Voor de liquiditeitsregeling en de stilligregeling worden middelen van de Brexit Adjustment
Reserve ingezet. Voor de liquiditeitsregeling is een budget beschikbaar van € 12 miljoen
en voor de stilligregeling een budget van € 33 miljoen. Het subsidieplafond wordt
verdeeld op volgorde van binnenkomst van de aanvragen. De BAR-regelingen binnen het
Visserijspoor sluiten elkaar uit; dat wil zeggen dat men slechts in aanmerking kan
komen voor een regeling als geen gebruik wordt gemaakt van één van de andere BAR-visserijregelingen.
Ik ben tevreden dat deze regelingen zijn goedgekeurd en dat er voor de visserijondernemers
met deze regelingen meer middelen beschikbaar komen om de Brexit, als onderdeel van
de vele uitdagingen die er spelen binnen de sector, het hoofd te bieden en te werken
aan een economisch duurzaam visserijbedrijf.

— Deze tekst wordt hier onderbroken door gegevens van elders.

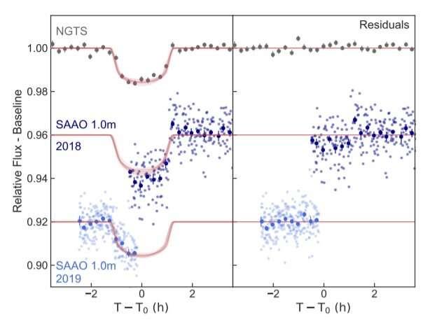 一个国际天文学家团队已经发现了四颗新的“热木星”系外行星,这是下一代过境调查(NGTS)的一部分。新发现的外星世界比木星大至少10%,但比太阳系最大的行星要小。3月18日在arXiv.org上发表的一篇论文中报道了这一发现。 所谓的“热木星”在特征上与太阳系最大的行星相似,其轨道周期不到10天。这些系外行星的表面温度很高,因为它们非常紧密地围绕着它们的母恒星运行。现在,由英国莱斯特大学的Rosanna H. Tilbrook领导的一组天文学家报告发现了这种类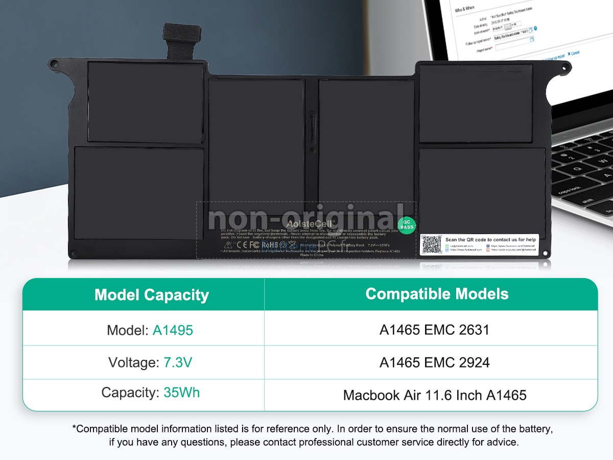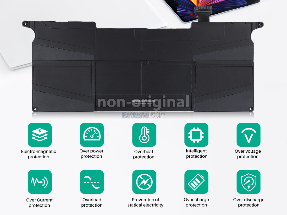 Nous utilisons la puce de Texas (USA) intelligente, pour vous assurer que la batterie se charge plus rapidement, et que la précision de la détection de la température, de la tension et du courant est plus fiable; le boîtier de la batterie conçue est identique à celle d'origine, 100% compatible avec votre ordinateur portable, pour que notre batterie ordinateur portable Apple MacBook Air 11.6 inch MJVM2LL/A est compatible complètement avec votre ordinateur portable, et que vous seriez plus rassuré lors de l'utilisation de ces batteries.
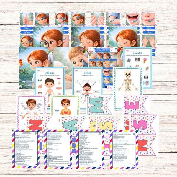 Materiāls veidots vizuāli pievilcīgā, bērniem drošā un mierīgā stilā, lai rosinātu sarunas, jautājumus un aktīvu līdzdalību. Tas lieliski noder gan ikdienas rotaļnodarbībās, gan tematiskajās nedēļās par cilvēku un ķermeni.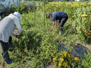 ボランティア友の会の皆さんが、不定期で草取りや水まきなどの畑の管理をしてくれています。このプロジェクトを盛り上げるため、ボランティア友の会の皆さんからの提案でお花を植えてみるなど、利用者や地域住民が楽しめるよう日々試行錯誤しています。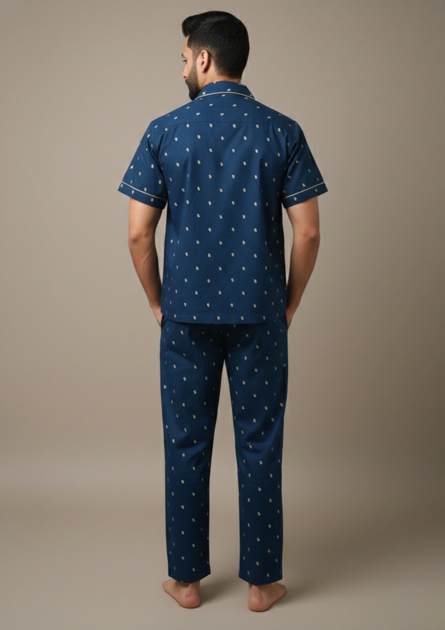 The subtle all-over print adds understated character, while contrast piping along the collar, placket, and sleeves delivers a sharp, tailored finish. Paired with straight-fit pajama pants, this night suit offers ease of movement without compromising on style—perfect for restful nights, relaxed mornings, and elevated lounging.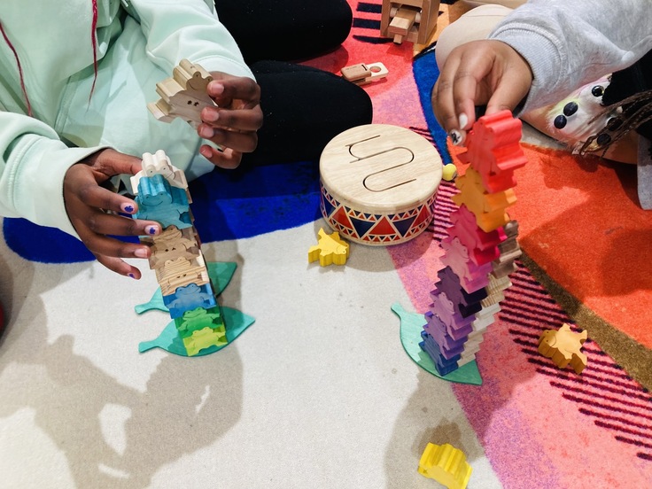アフリカ出身の姉妹は、ふたりで仲良くずーっと閉館まで遊んでいってくれました。私は今まで一度もこの「かえるくん」で遊ぶときに色を気にかけたことがなかったのですが、この姉妹はどんなふうに積み重ねたらきれいな組み合わせになるかを考えながら遊んでいました。このようすを見たときに、とっても感性が豊かだなあと思いました。世の中には色んな基準がありますが、「どうすれば美しくできるか」という基準を私も持っていたいなと思いました。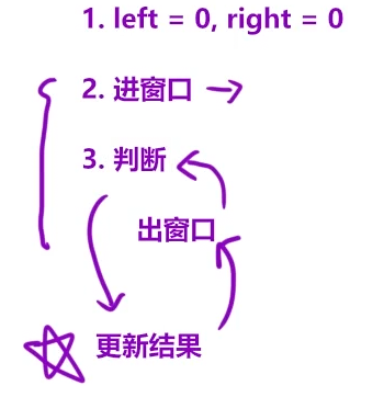 2 3步是循环 进窗口是right++ 出窗口是left++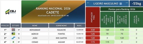 Olá, meu nome é Cosmo, no dia 3 de dezembro de 2025 fui vice-campeão da seletiva nacional de judô, conquistando minha vaga para o estágio internacional que vai acontecer na República Tcheca. É uma competição de muito custo em pouco tempo, mas com muita importância para poder brigar por uma vaga no campeonato mundial de judô, atualmente me encontro em 4° colocado no ranqueamento nacional sendo atleta de base da seleção brasileira de judô.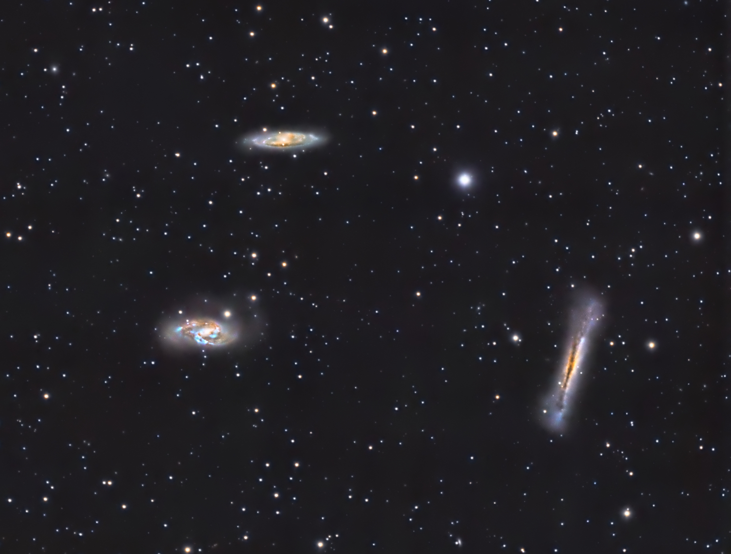 Je vous poste le trio du lion .... Mon seul regret est que je n'ai pas réussi à faire ressortir la queue de marée de la galaxie du hamburger , mais je pense que dans la région parisienne il faut quand pas trop en demander.... D'ailleurs le gradient lors de l'empilement des images était très important , ce qui explique cela je pense !!!!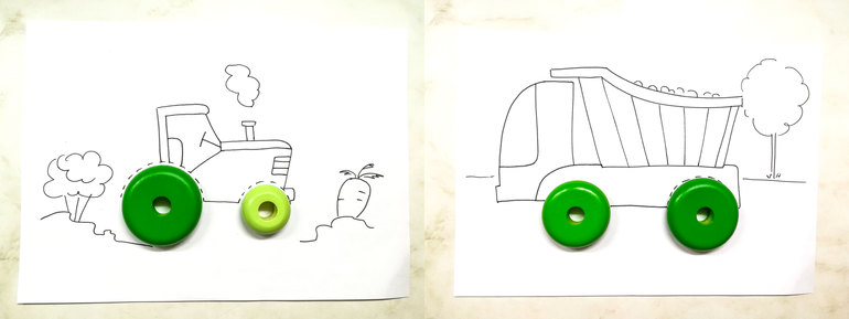• Дополняем рисунки недостающими деталями. Например, подбираем колеса машинам.
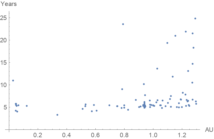 Plot distance at perihelion versus orbital period for all near-earth comets in the dataset:

Stand van zaken saneringsregeling
Op 30 november jl. is de saneringsregeling gesloten. Het animo voor deze regeling
is groot, zoals blijkt uit de hoeveelheid aanmeldingen voor deze regeling. Ik begrijp
dat dit voor veel ondernemers die zich hebben aangemeld een ingrijpend besluit moet
zijn geweest, zeker als het een leefwijze betreft die al generaties lang wordt overgedragen.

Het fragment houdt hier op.